# Task to carry out
Pictures stay out, but every line of the data is copied exactly.

(Data excerpt begins)

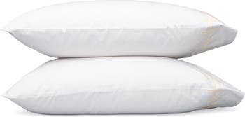 Grecian-inspired embroidery in a graceful knot motif adds an elegant flourish to these pillowcases cut from luxuriously smooth and silky Egyptian-cotton percale.
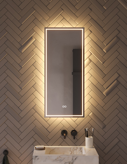 Det integrerte front og baklyset skaper en behagelig og eksklusiv atmosfære, samtidig som det gir optimalt lys til daglige rutiner. Med justerbar fargetemperatur fra 2700K til 6400K kan du enkelt tilpasse lyset – fra varmt og avslappende til klart og energigivende. Dimming og lysjustering styres intuitivt via touch.
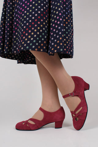 40s Derby shoes in suede - Low heel - Burgundy red -Esther
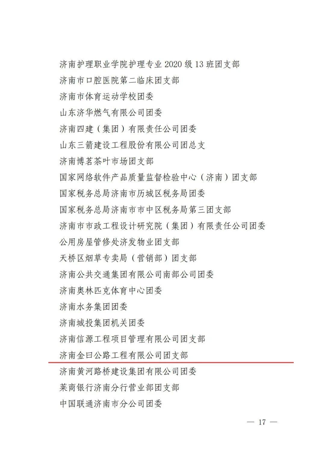 濟(jì)南城市建設(shè)集團(tuán)各級(jí)團(tuán)組織和廣大團(tuán)員青年、共青團(tuán)干部將以受到表彰的單位和個(gè)人為榜樣,更加緊密地團(tuán)結(jié)在以習(xí)近平同志為 核心的黨中央周圍,深入學(xué)習(xí)貫徹習(xí)近平新時(shí)代中國特色社會(huì)主義思想,增強(qiáng)“四個(gè)意識(shí)”、堅(jiān)定“四個(gè)自信”、做到“兩個(gè)維護(hù)”,以優(yōu)異青春業(yè)績(jī)迎接黨的二十大勝利召開!

(Data excerpt ends)

# Written response
 Grecian-inspired embroidery in a graceful knot motif adds an elegant flourish to these pillowcases cut from luxuriously smooth and silky Egyptian-cotton percale.
 Det integrerte front og baklyset skaper en behagelig og eksklusiv atmosfære, samtidig som det gir optimalt lys til daglige rutiner. Med justerbar fargetemperatur fra 2700K til 6400K kan du enkelt tilpasse lyset – fra varmt og avslappende til klart og energigivende. Dimming og lysjustering styres intuitivt via touch.
 40s Derby shoes in suede - Low heel - Burgundy red -Esther
 濟(jì)南城市建設(shè)集團(tuán)各級(jí)團(tuán)組織和廣大團(tuán)員青年、共青團(tuán)干部將以受到表彰的單位和個(gè)人為榜樣,更加緊密地團(tuán)結(jié)在以習(xí)近平同志為 核心的黨中央周圍,深入學(xué)習(xí)貫徹習(xí)近平新時(shí)代中國特色社會(huì)主義思想,增強(qiáng)“四個(gè)意識(shí)”、堅(jiān)定“四個(gè)自信”、做到“兩個(gè)維護(hù)”,以優(yōu)異青春業(yè)績(jī)迎接黨的二十大勝利召開!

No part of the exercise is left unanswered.